Me gusta bastante ese amplificador. Se puede apreciar que pesa bárbaro, en la época "de antes" se nota que no despreciaban en cuanto a las fuentes de alimentación de amplificadores, y la potencia RMS en verdad era RMS (potencia media).  

.


Disculpen por el off topic.


Ratmayor dijo:


> te lo digo como experiencia personal que los de cesta o campana de aluminio son bastante buenos


¿Te refieres a estos?: 





Estoy tentado en comprarme un par de 15" modelo PA300, para usar de complemento en una caja _full range_ con driver de compresión:





No se si confiar en esas "especificaciones". Gracias por la ayuda que me puedas aportar


----------



## Ratmayor

Helminto G. dijo:


> se ve chulo, por que no restaurarlo?


Bueno, en realidad tiene una linda capa de telarañas y oxido, los disipadores ya casi no se le ve la pintura y creo que hara falta reemplazar todos los electroliticos porque se ven algo secos y oxidados...



Yoangel Lazaro dijo:


> Me gusta bastante ese amplificador. Se puede apreciar que pesa bárbaro, en la época "de antes" se nota que no despreciaban en cuanto a las fuentes de alimentación de amplificadores, y la potencia RMS en verdad era RMS (potencia media).
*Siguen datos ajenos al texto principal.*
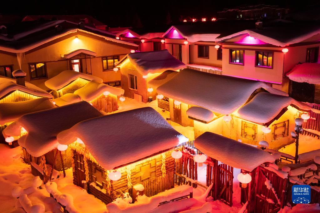 黑龙江省雪乡景区夜景(2022年12月13日摄)。新华社记者 谢剑飞 摄

A mi me encanta ese ampli, realmente suena muy bien, y si pesa bastante, unos 24Kg tiene 2 transformadores trabajando en paralelo, tiene una buena corriente, le calculo unos 15A y +/-70Vcc



Yoangel Lazaro dijo:


> ¿Te refieres a estos?:
> 
> Ver el archivo adjunto 36130
> 
> Ver el archivo adjunto 36131
> 
> Estoy tentado en comprarme un par de 15" modelo PA300, para usar de complemento en una caja _full range_ con driver de compresión:
> 
> Ver el archivo adjunto 36132
> 
> Ver el archivo adjunto 36133
> 
> No se si confiar en esas "especificaciones". Gracias por la ayuda que me puedas aportar


Las especificaciones son correctas, compra sin miedo! mis bafles tienen esos, solo que los mios no son tan grandes  (10") pero cuando tenia 17 años tuve 4 PA-300, y los "movia" con un viejo sinto/amplificador General Electric 5-3292 que usaba un par de modulos hibridos de Sanken S-100W. Como recomendación especial sobre los Bohem cuando son nuevos es ir subiendo el volumen gradualmente, despues de que "ablande" el cono y la araña tendras bajos para rato  Otra cosa, compra los que tienen campana o cesta de aluminio, los de laton suenan terribles! No se porque... Si quieres especificaciones mas detalladas sobre esos bajos, busca las especificaciones de los bajos Infinity, o uno que otro Peavey, los bohem, segun un colega de mi hermano que labora en Bohem Acustica, C.A. son clonicos de esos, por alli debo tener una tabla de equivalencia, si la consigo la publico, saludos!


----------



## Tacatomon

Esos me recuerdan a los Peavey Scorpion de antaño. Estos serán sus clones?

Saludos!!!


----------



## Yoangel Lazaro

Ratmayor dijo:


> Las especificaciones son correctas, compra sin miedo!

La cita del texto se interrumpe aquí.